Forum Discussion

BaltoStar_12467's avatar
Nov 02, 2014

BIG-IP : iControl : LocalLBDataGroupFile.set_local_path() : swap large file under load

F5 BIG-IP v11.4.1 (Build 635.0) LTM on ESXi

I have a .NET C app that uses iControl to perform following sequence :

• transfer data-file to staging location on BIG-IP device

• recache data-group with contents of this data-file

The specific iControl API used for the recache is :

LocalLBDataGroupFile.set_local_path()

This operation has been 100% consistently successful in non-prod environments with very low traffic to perform data-group-file updates of up to 2M records.

Non-prod config : single stand-alone device ( no HA pair ).

The operation has also been 100% consistently successful in prod environments with high traffic to update a non-live data-group-file up to 300K records.

Prod config : HA pair consisting of 2-node sync-failover device-group with auto-sync disabled.

NOTE: By "live data-group-file" I mean an enabled virtual-server has an assigned iRule that references the data-group ( performs matches against data-group maps ). By "non-live data-group-file" I mean that the data-group exists but either is not referenced by any iRules, or iRules that reference it currently are not assigned to any enabled virtual-server.

Here is where the problem occurs :

When the operation is run in prod environments with high traffic (40-60% baseline cpu utilization, 200-400 Mbps baseline throughput) to update a live data-group-file ( 100K+ records ) the iRule fails.

Exactly how the iRule fails is unknown and currently is under investigation by F5 Support, however here are some data-points :

• the file-transfer and data-group recache iControl calls return success to the C caller

• requests that the iRule normally conditionally rewrites to various backend pools no longer arrive at those servers

• BIG-IP logs contain zero errors related to either the iControl operation of the iRule

• public client requests that should be processed by the iRule display generic Akamai 500 error-pages

NOTE: I have a test that removes Akamai from the equation, but have not yet had an opportunity to run it.

My understanding is that

LocalLBDataGroupFile.set_local_path()
was re-designed/coded for 11.4 and was lab-tested up to 1M records.

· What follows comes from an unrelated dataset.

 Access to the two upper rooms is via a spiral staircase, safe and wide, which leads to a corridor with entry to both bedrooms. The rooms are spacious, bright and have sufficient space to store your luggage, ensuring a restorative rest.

However, I wonder if any testing was performed in an environment with significant load ?

Through trial-and-error I discovered the following workaround (for an HA pair only) :

• create a/b pair of data-groups and corresponding set of a/b iRules that are identical except that "a" iRule references "a" data-group, and "b" iRule references "b" data-group

• on active node, initially configure virtual-server to use "a" iRule

• use C application to update "b" data-group-file

( NOTE: possibly this could also be accomplished via the admin browser, but above 100K records the time-lags and potential impact on prod operations become concerning. )

• if now swap-in "b" iRule to virtual-server ( effectively swapping-in "b" data-group ) the irule will begin to behave strangely (requests swallowed and never routed to backend pool although no errors present in LTM logs)

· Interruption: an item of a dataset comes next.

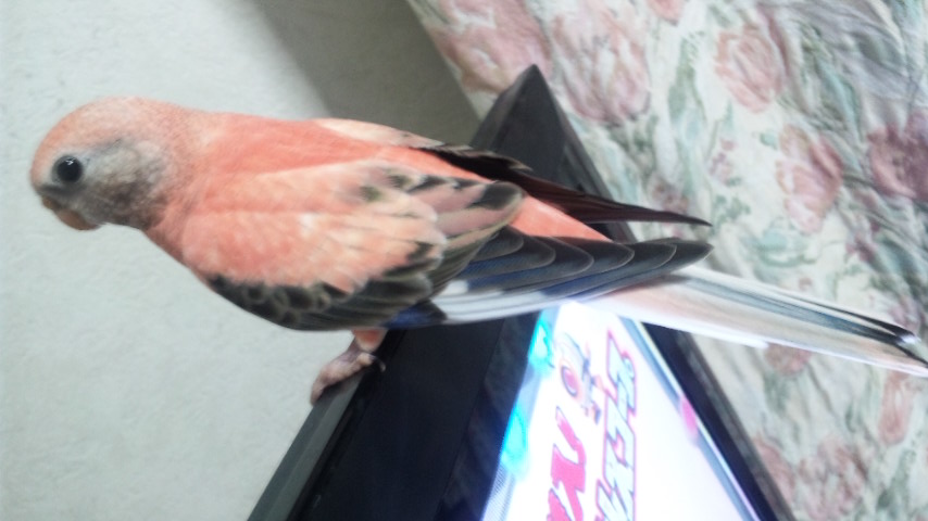 放鳥して最初にとまった場所はテレビでした

• however, the following "trick" seems to work :

  • sync active to standby
  • promote standby to active
  • on new active, swap-in "b" iRule to the virtual-server
  • reboot new standby* sync new active to new standby

Somehow the sync operation "cures" the issues induced by swapping the live iRule to point to a just-updated data-group.

So in summary it seems that for a high-load environment attempting to swap new contents into a live data-group somehow induces a failure-case for iRule lookups against that data-group.

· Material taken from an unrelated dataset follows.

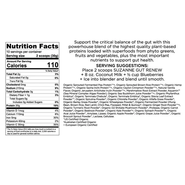 Indulge in the luxurious blend of our Chocolate & Original Value Size GUT RENEW Formula, designed to support optimal gut health with premium organic ingredients. Each serving delivers 20 grams of plant-based protein, zero grams of sugar, and only 3 grams of carbs, making it the perfect addition to your daily wellness routine. Elevate your smoothies with this powerhouse formula rich in phyto greens, fruits, and essential nutrients.

The failure symptoms are identical both for the technique of re-caching the live data-group with new contents ( iControl API

LocalLBDataGroupFile.set_local_path()
), and for the iRule a/b swap technique.

However, an active-to-standby sync operation seems to "cure" whatever bad-state the data-group has been put into.

Can anyone provide insights as to why swapping-in new contents to a large data-group-file associated with an iRule assigned to a VIP under heavy load would cause iRule data-group lookup failures ?

  • I suggest you raise a support call with F5 if you experience any "site down" type failures. I have seen TMM crashing, core-ing and re-starting under heavyload with some iControl calls before and the impact varies version-to-version.

     

    You need to examine the LTM logs at the time the VIP came down - there should be plenty of log messages informing about the reason for the service interruption.